Once the obstacle put forward in the Patent against being able to make a sustained formulation was shown to be illusory, then a sustained release formulation is obvious. You might get better efficacy or fewer side effects, but you would certainly get better compliance. In Pozzoli terms the only difference between the prior art and the claim is the idea of making a sustained release formulation. For that there was a technical motivation and no difficulty, real or apparent.

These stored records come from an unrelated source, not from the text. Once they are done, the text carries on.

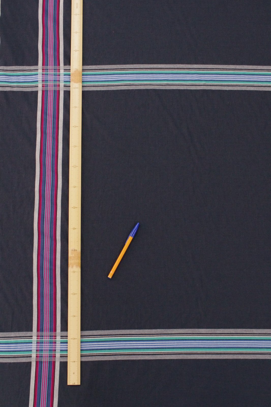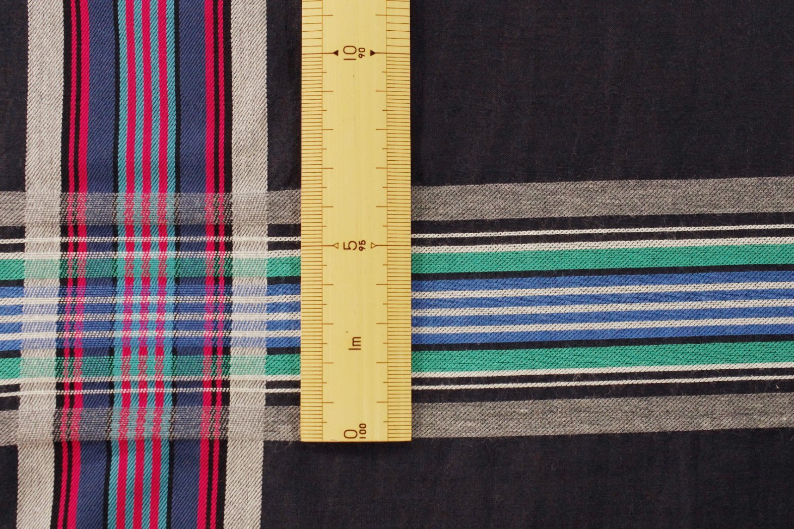 Woven using cotton and wool yarns in both plain weave and jacquard. The base color is blue-gray.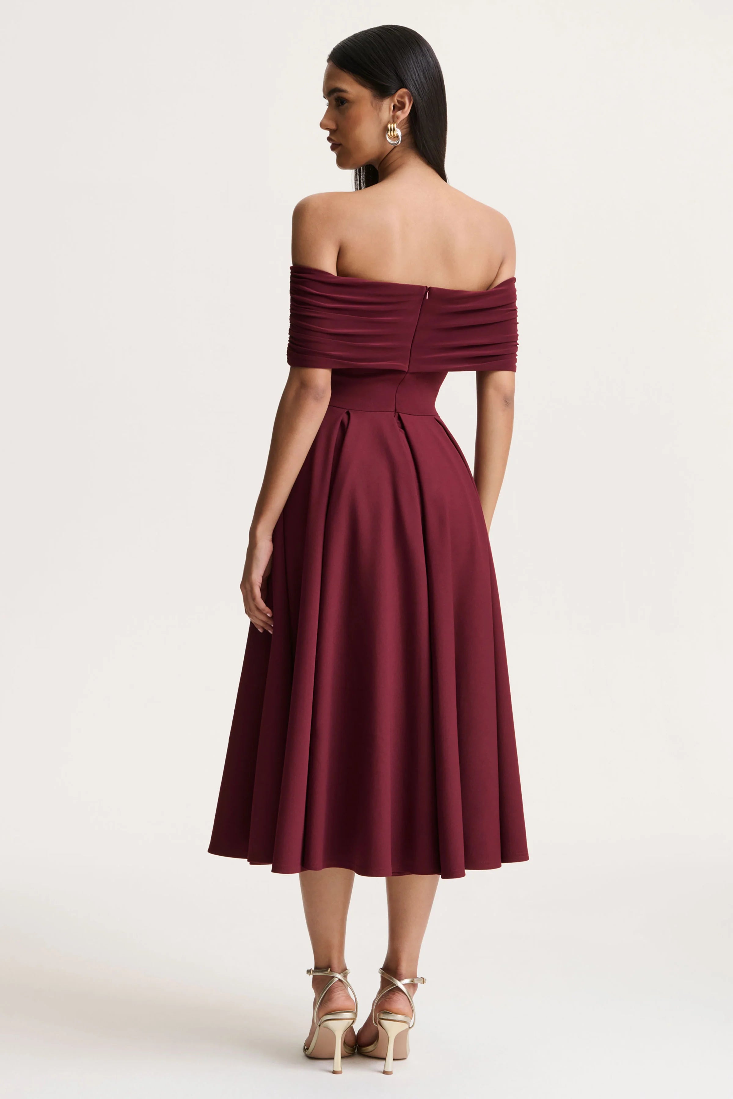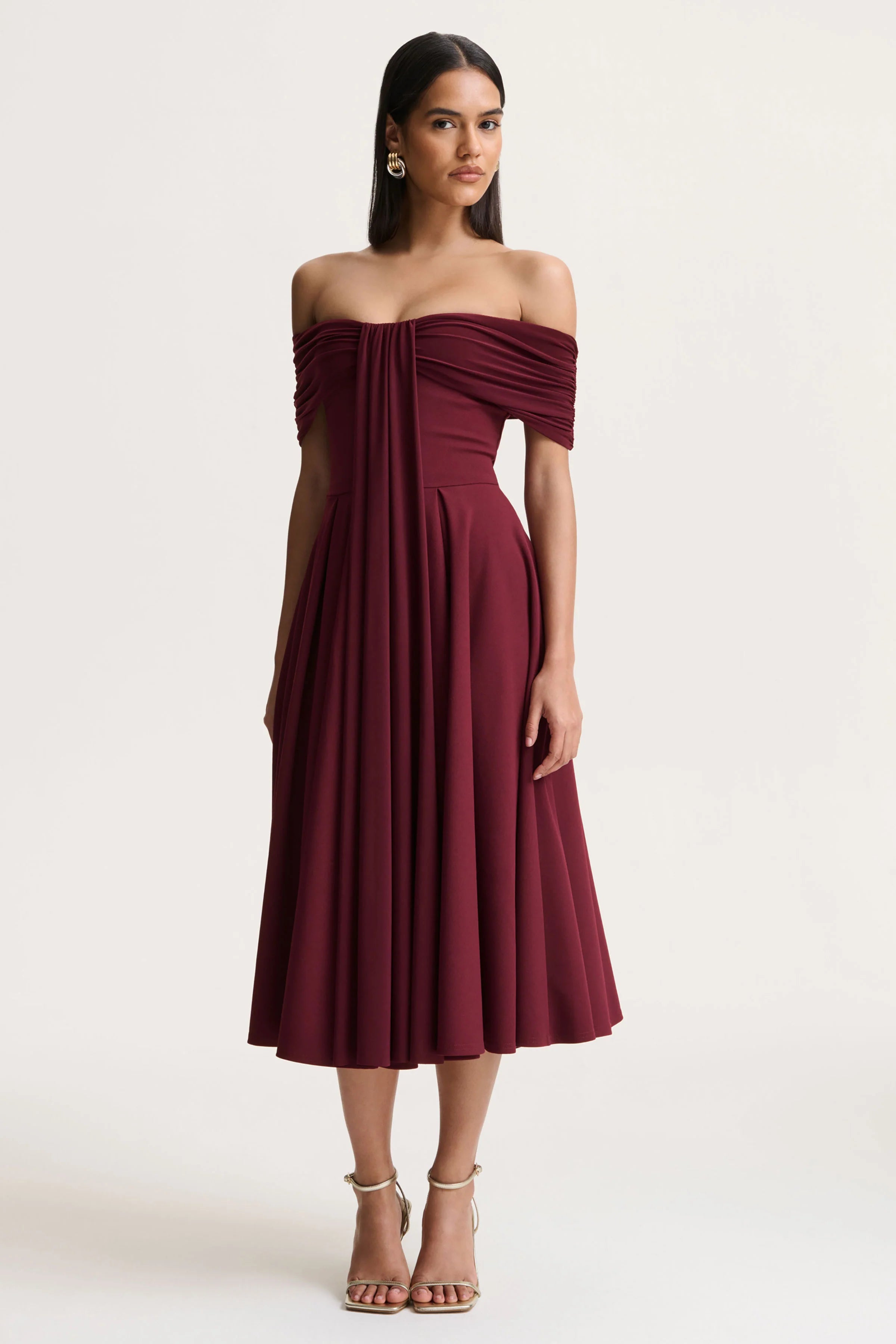 Dearest captures timeless romance with soft, sculpted elegance. Crafted from our premium burgundy scuba crepe, this midi balances structure with fluid movement. The bardot neckline gracefully frames the shoulders, while a central sash detail adds gentle draping that enhances the silhouette with refined femininity. A pleated skirt completes the look, creating volume and effortless flow with every step. Sophisticated, charming, and endlessly flattering, Dearest is a timeless classic you need in your wardrobe rotation.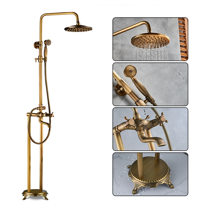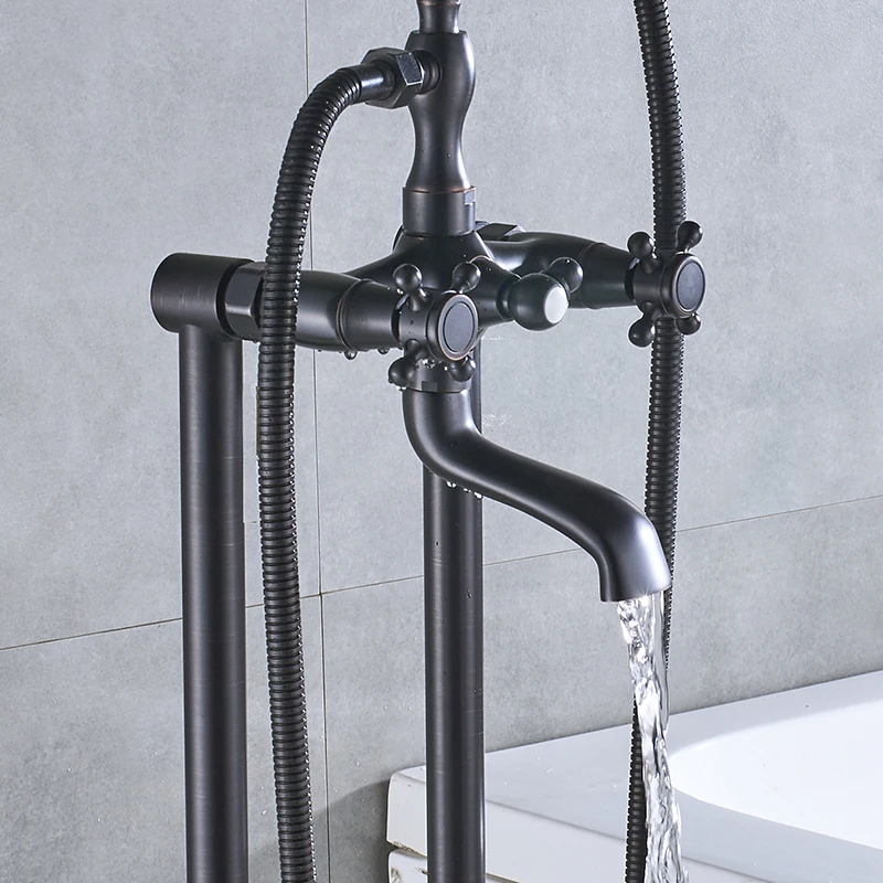 Robinet de baignoire de salle de bains sur pied en laiton Antique de luxe, ensemble de douche, bec pivotant à double poignée, tuyau de douche de 150cm, mélangeur chaud et froid
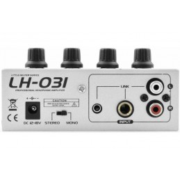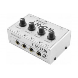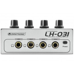 OMNITRONIC LH-031 è un amplificatore per cuffie che distribuisce il segnale di 1 sorgente audio a 4 set di cuffie. OMNITRONIC LH-031 è dotato di un 1 ingresso stereo (commutabile in mono) tramite connettori RCA, jack da 3,5 mm e 6,3 mm, 4 uscite per cuffie controllabili separatamente tramite prese da 6,3 mm e alimentatore fornito in dotazione.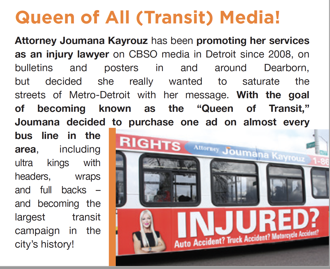 If you are native to Detroit, you know Joumana. In 2012, I was tasked with designing, coordinating and scheduling her ‘all transit’ campaign, which involved having ads on almost every bus in metro Detroit. For a time, you could not leave your house and travel 10 minutes without seeing the ads. Many a meme and post were said about this memorable campaign.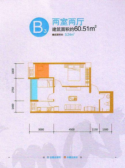 户型:1居室60平米
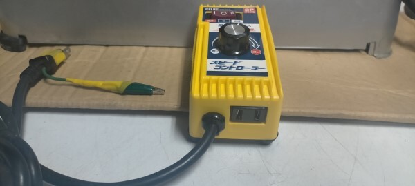 通電し、切断機の刃の回転、ならびにスピードコントローラーを繋いで、回転速度の調整等、簡単な動作確認を行いました。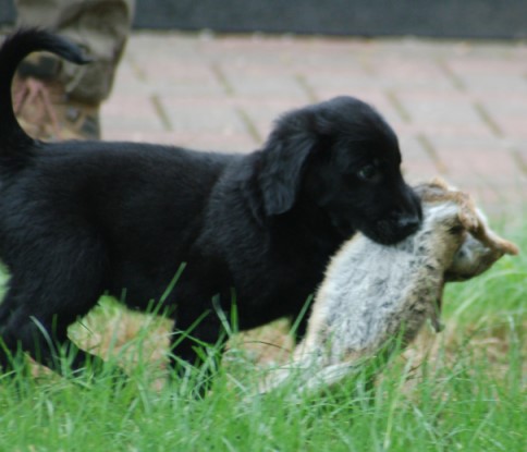 6 Monate alt, gutes Rassebild, sehr hamonisch, gute Größe, angenehmer Kopf, korrekte Ohren. Scherengebiss, gute Hals- Rückenlinie, guter Rutenansatz und Rute sehr gut getragen. In der Hinterhand etwas stark gewinkelt, Vorhand korrekt. Hat etwas flache und lange Pfoten. In der Bewegung gut.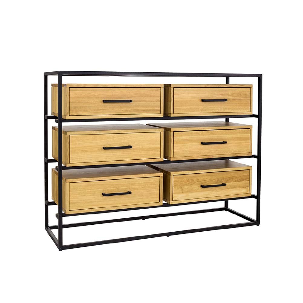Dřevěná kombinovaná komoda se 6 zásuvkami je vyrobena z masivního přírodního dubu a v kombinaci s černým kovem. K výrobě je použitý prvotřídní materiál a pro povrchovou úpravu je ekologický lak. Tyto komody se vyznačují pečlivým zpracováním a dlouhou životností. V základní ceně je komoda z dubového dřeva v přírodní barvě. Moření dle vzorníku je za příplatek 10% z ceny. Masivní nábytek nemusí být vždy jen v klasickém stylu. Tento nábytek je moderní a luxusně propracovaný. Užíte si jeho luxusní vůni a propracované detaily.
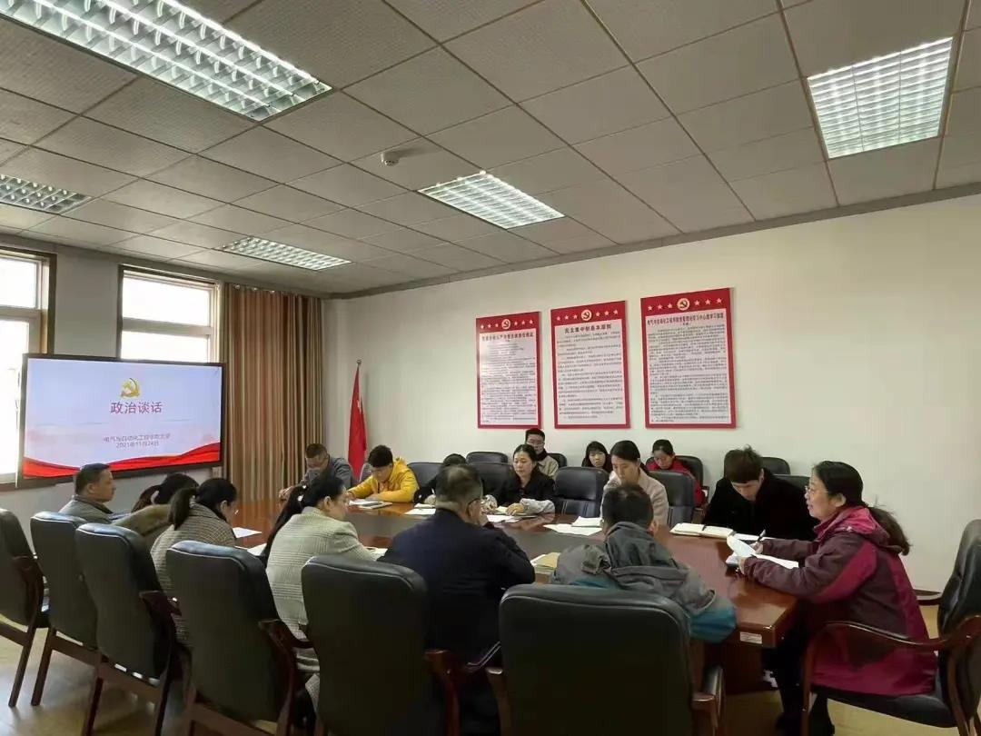 11月24日,电气学院党委开展基层党支部书记集体政治谈话,谈话由学院党委书记赵敏主持。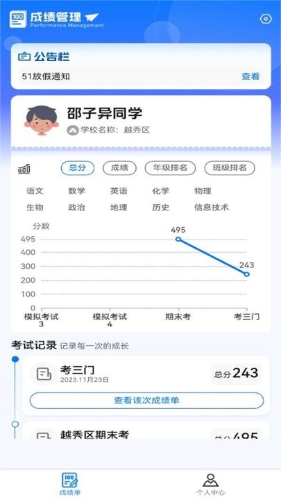这是一款专为学校场景打造的成绩管理软件,提供多样化的成绩记录方式,支持精细化的成绩信息管理,还具备系统排名查询、标签分类、学习笔记等实用功能。此外,软件能够直观呈现成绩趋势图、排名趋势图、各科分析雷达图以及成绩对比图等数据可视化内容。

The PSA [problem-solution analysis] gives the same answer. What is the objective problem? Why that which the patentee himself stated – to produce a sustained release form of fluvastatin. Was the solution obvious? Yes, any of the standard methods for such formulations would clearly work: there is no reason why they would not.

There is no need and it would be wrong to re-formulate the problem as suggested by Mr. Meade. This is not a case where some prior art unknown to the patentee has turned up. Nor is it right to reformulate the problem as one of looking for better medical effects when that was not the problem as seen by the patentee or to reformulate the solution as having found such effects when the patentee has not promised any.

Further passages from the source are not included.